# Replicating the paper's results

We divide the reproducibility of the experiments into two parts: the generation of synthetic data and the evaluation of the generated data. The following sections describe how to reproduce the experiments for each part.
> To reproduce some of the figures the synthetic data needs to be downloaded first. The tables can be reproduced with the results provided in the repository or by re-running the benchmark.

First, create a .env file in the root of the project with the path to the root of the project. Copy `.env.example`, rename it to `.env` and update the path.
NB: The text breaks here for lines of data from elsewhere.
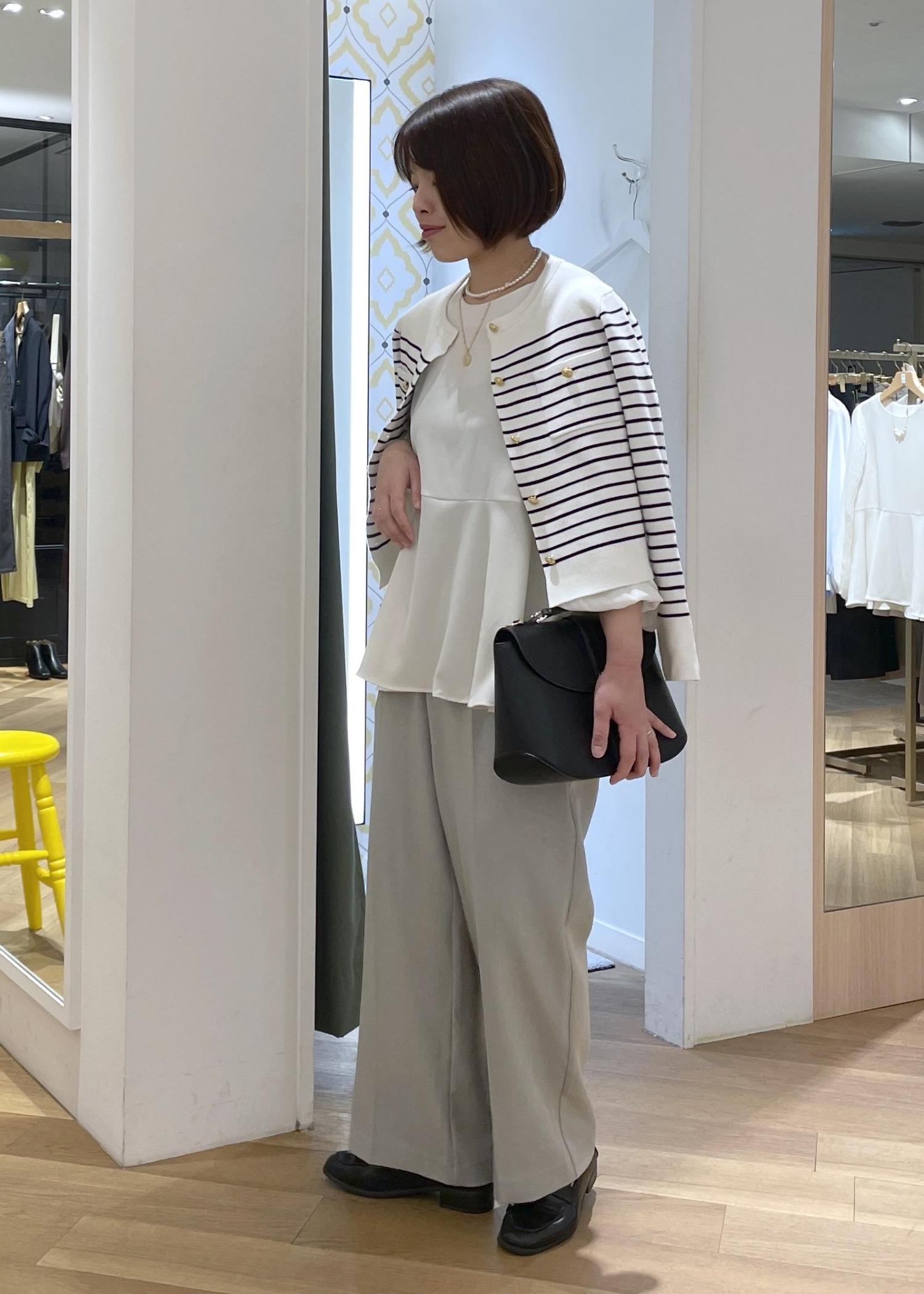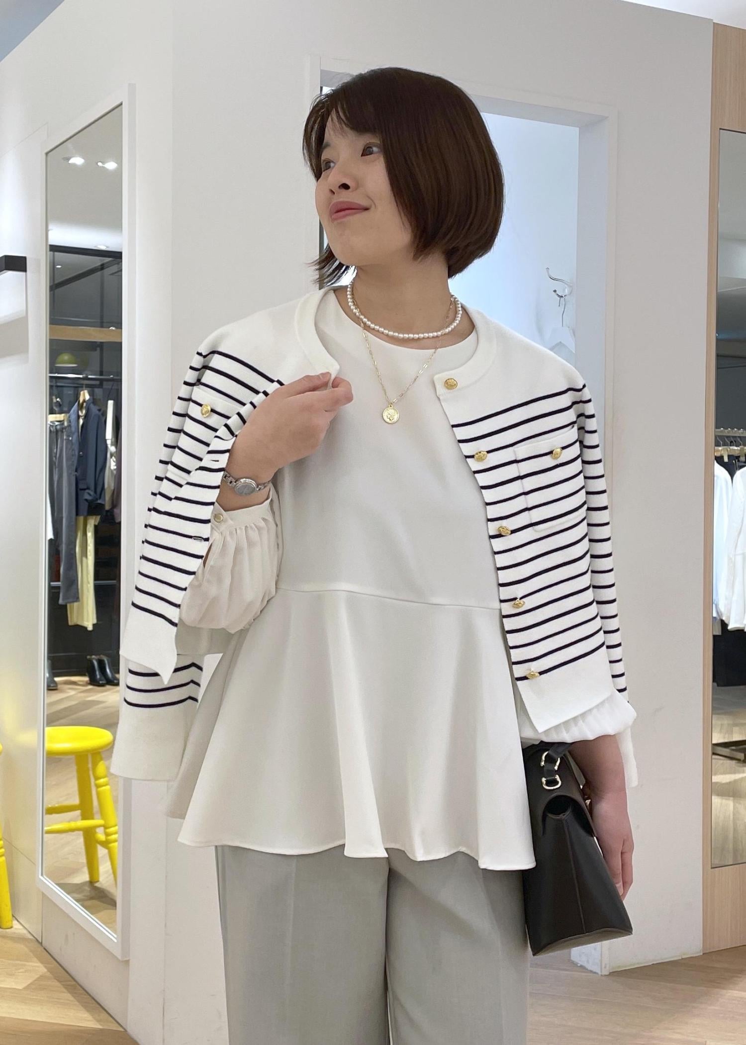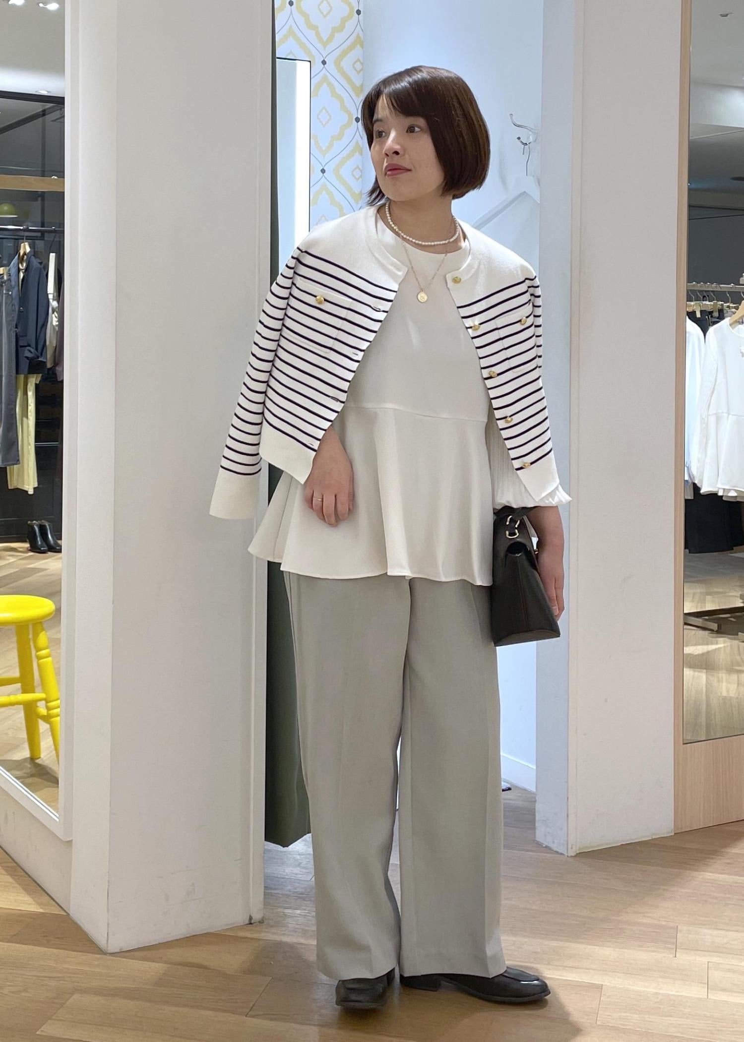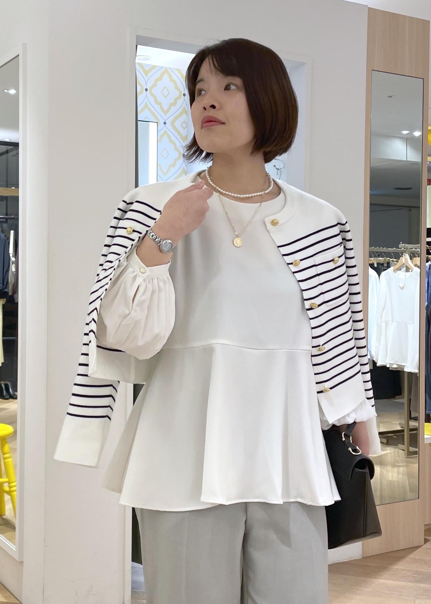 カーディガンのインナーにはフレアラインがきれいなブラウスお合わせて上品な印象のスタイルに◎
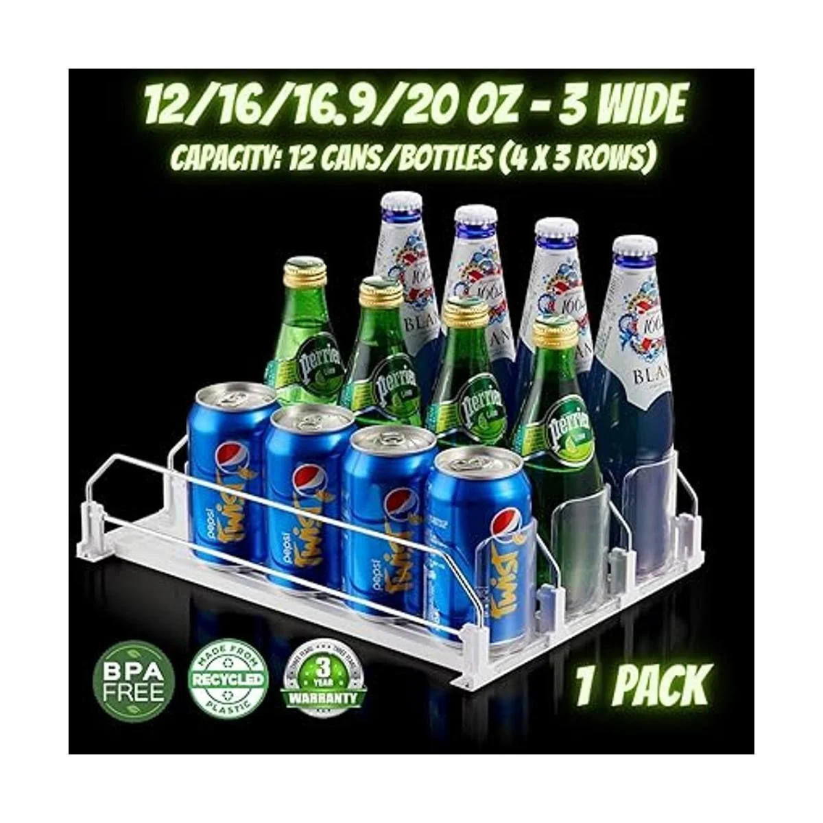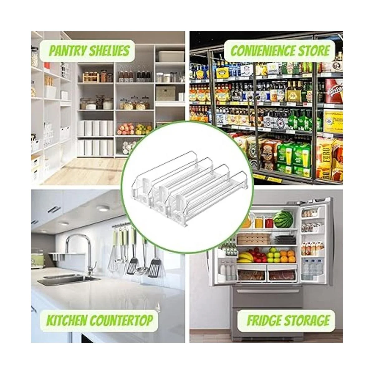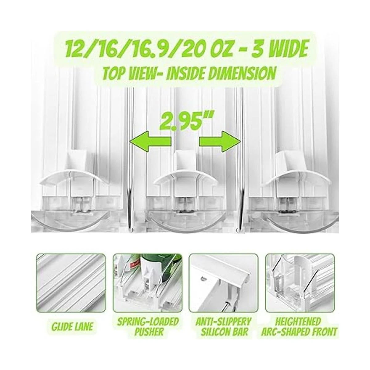 Mantiene las bebidas organizadas: el dispensador de latas de refresco es un dispositivo inteligente que llevará tus bebidas cerca para un fácil acceso en tu refrigerador. El diseño elegante se verá genial en cualquier refrigerador y puede acomodar tanto latas como botellas; adecuado para la mayoría de latas y botellas de tamaños estándar 12 onzas, 16 onzas, 16.9 onzas, 20 onzas.
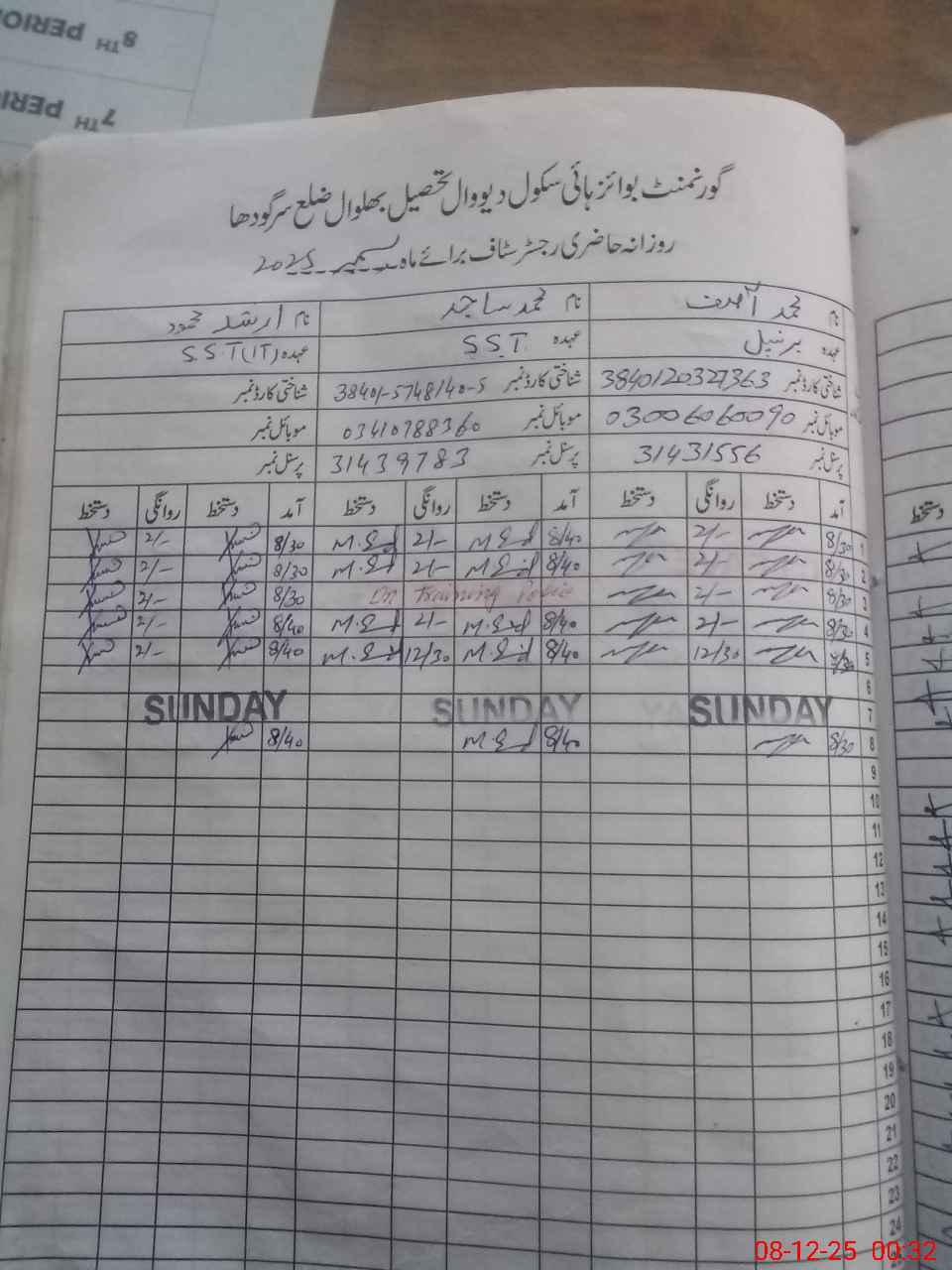 | CNIC | Full Name | Designation | R/C | Absence During Last Calender Month |

## Download synthetic data and results

The data and results can be downloaded and extracted with the below script, or are available on [google drive here](https://drive.google.com/drive/folders/1L9KarR20JqzU0p8b3G_KU--h2b8sz6ky).

```bash
conda activate reproduce_benchmark
./experiments/reproducibility/download_data_and_results.sh
```

## Evaluation of synthetic data
To run the benchmark and get the results of the metrics, run:

```bash
conda activate reproduce_benchmark
./experiments/reproducibility/evaluate_relational.sh

./experiments/reproducibility/evaluate_tabular.sh

./experiments/reproducibility/evaluate_utility.sh
```

## Generation of synthetic data
Depending on the synthetic data generation method a separate pythone environment is needed. The instruction for installing the required environment for each method is provided in [docs/INSTALLATION.md](/docs/INSTALLATION.md).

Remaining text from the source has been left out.